Here`s a common checklist...

- He holds resentment.
(Do you guys have a history of unresolved problems/arguments? Have you pissed him off bad at all lately?)

-He`s having ED problems
(Guys will seriously cut back on initiating if ED arises)

-He`s having an affair
(This one is a toss up because it really varies but a lot of people feel like they`re cheating on their affair partner with their spouse)

-Depression
(Anything in his life going wrong an awful lot lately? Is he in a general decent mood or not?)

-Could be the porn
(How often is he viewing it?)


----------



## CandieGirl (Apr 27, 2011)

You will exhaust yourself trying to figure it out...could be any one of the things listed above. If porn is involved, then he's probably exhausting himself in front of the computer leaving none left for you. This is a sad cycle that men fall into...it's just too easy to get off to porn than to bother getting into it with their wives...

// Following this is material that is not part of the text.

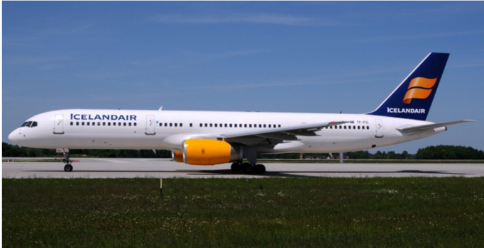
TF-FIC Icelandair - Boeing 757-200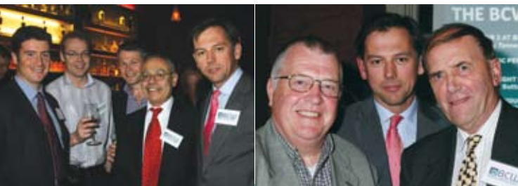
Guests at the Launch of Bowel Cancer West

I don't know...get a vibrator...maybe if he sees you using that instead of him, it will touch a nerve. Didn't work for me, tho...lol...


----------



## DailyGrind (Jun 27, 2010)

jane21 said:


> but I don't think it's a privelage but a neccessity.


Well....if MY wife thought this way.....I'd be the most doting husband in the history of the institution of marriage. 

Seriously....you need to try and get through to him how serious this can be to a marriage. You are still trying.....and he doesn't realize how special that is. Some day....you will get too bitter with him....and just shut down. He'll look back on this day, and wonder how he F'd it up so bad. Try to find a nice way to have a discussion. Maybe try to enjoy the porn together?


----------



## Shaggy (Jul 17, 2011)

you need to get him off the porn cause it's clearly taking care of his urges.

Make him an offer, he can have all the porn he wants BUT you always get the right of first refusal.

Next check out the porn he's watching, is there any theme he likes? Anything they do or wear? Without talking to him, try initiating or introducing that into your sex life. Dont talk to him about it, instead you take the initiative. The idea and goal is to wean him off the porn and to build a dependency on you.

Porn girls don't nag, but they do seduce. They do demand, and in a good way they beg. Don't know what genre he likes, but try throwing some of it in.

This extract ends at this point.